Sauvignon Blanc can trace its origins to western France in the Loire Valley and Bordeaux regions, but it was the style of wine made here in New Zealand in the 1980's that got people to take notice again and enjoy this expressive varietal.
When it comes to making Sauvignon Blanc, winemakers can harvest the grapes at various intervals for different blending characteristics that the grape can impart depending on its ripeness. At its most unripe stage, the grape is high in malic acid. As it progresses towards ripeness the grape develops red & green pepper flavours and in warmer climates, leading towards topical fruits like pineapple. Grapes grown on large sites may exhibit different levels of ripeness over the vineyard, caused by slight unevenness in the land, soil, temperature, sunlight and wind giving a unique flavour profile to the resulting wine.


The final style of Sauvignon Blanc can be greatly influenced by decisions made during the winemaking process. One decision is the amount of contact that the 'must' has with the skins of the grape. Some winemakers, like in the Loire Valley of France, intentionally leave a small amount of must to spend time in contact with the skins for later blending. Other winemakers, like in California, generally avoid any contact with the skin due to the reduced aging ability of their resulting wine.

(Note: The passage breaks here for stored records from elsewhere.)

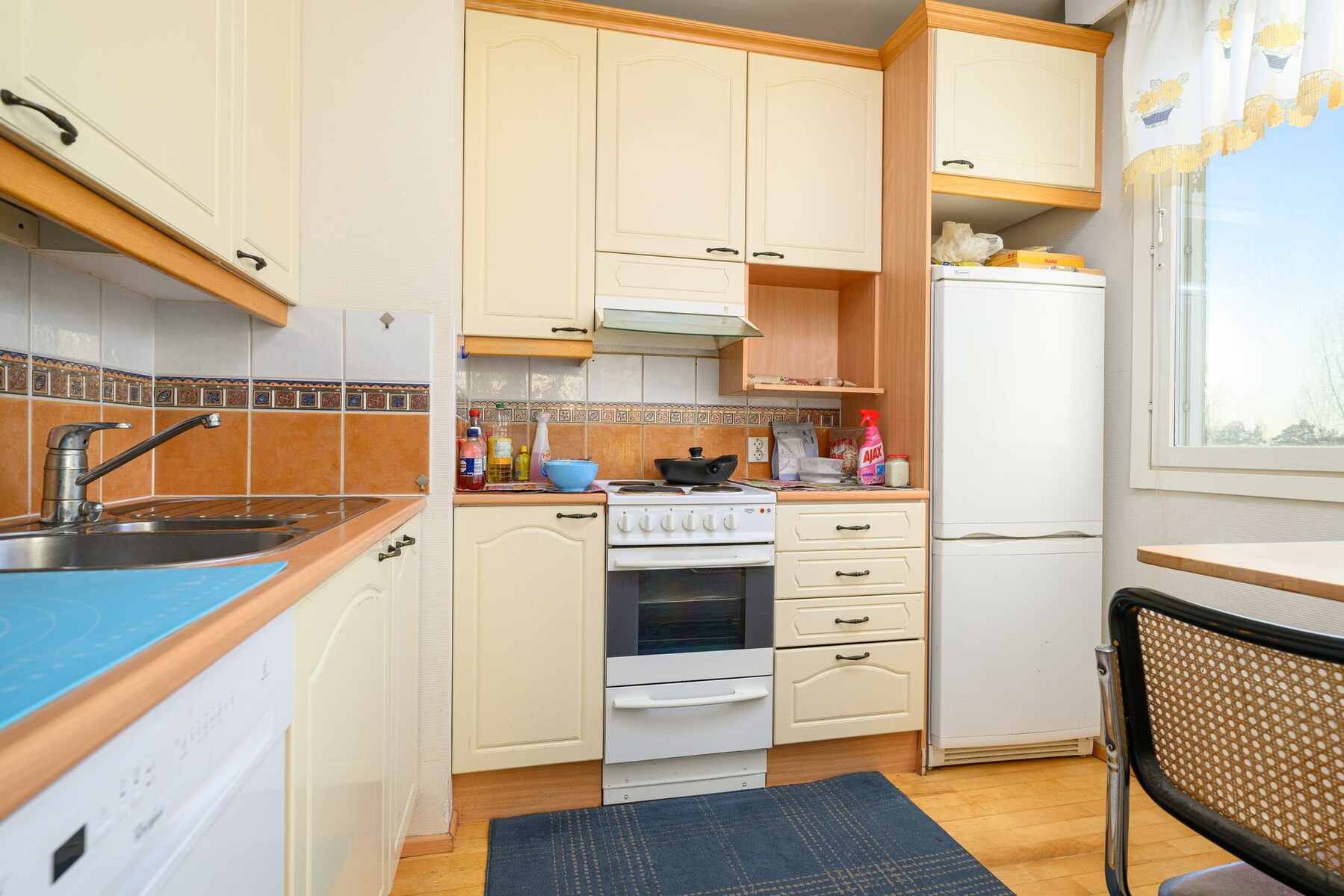 Varusteet: jääkaappipakastin, astianpesukone, sähköliesi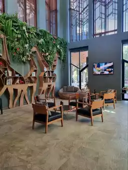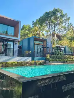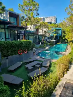 Atmosphere/Location - Green Pix Khaoyai is a relatively new hotel with a beautiful design. It is located in the middle of the forest and mountains, making the air fresh, cool, and quiet. There is an outdoor swimming pool decorated like a waterfall flowing down in layers from the mountain. The hotel is quite far from tourist attractions, but there are still cafes and restaurants nearby. It is suitable for those who like peace and quiet and want to relax. Or you can use the services of cafes, restaurants, and wine bars.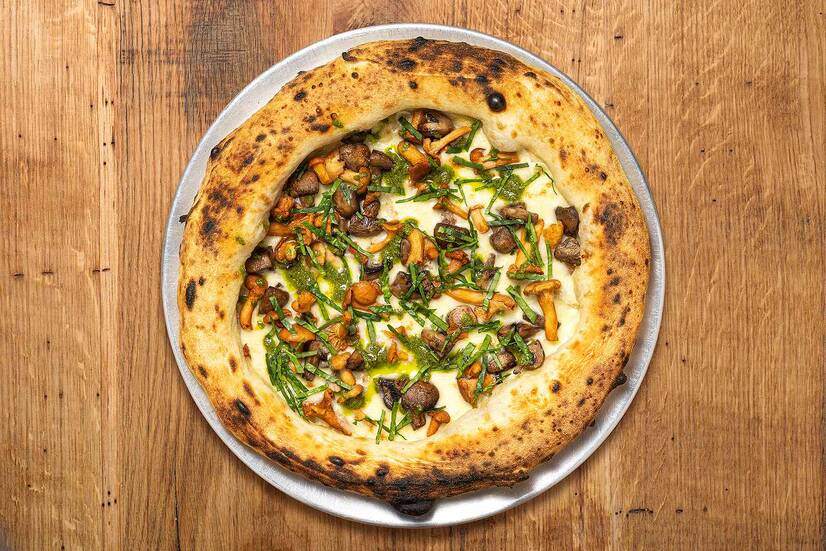 Ферментоване тісто з італійського борошна витримане 48 годин, лисички, печериці, моцарела, сир фонталь, трюфельна олія та соус песто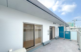 奥にはバルコニーもあり、外は住宅や小さな児童公園がありますが背の高い建物が少なく青空がよく見えました。

Another important decision is the chosen temperature of fermentation. French winemakers prefer warmer fermentation temperatures (around 16-18ºC) that bring out the mineral flavours in the wine. While New World winemakers (i.e. New Zealand) prefer slightly cooler temperatures to bring out more fruit and tropical notes on both the nose and the palate.
A small minority of Loire Valley winemakers will put the wine through malolactic fermentation, a practice also performed here in New Zealand. Oak barrel aging can have a pronounced effect on the wine, with the oak rounding out the flavours and softening the naturally high acidity of the grape.
Some winemakers, like those in New Zealand and more recently in the Sancerre region, prefer stainless steel fermentation tanks over oak barrels with the intention of maintaining the sharp focus, aromas and flavour intensity of Sauvignon Blanc.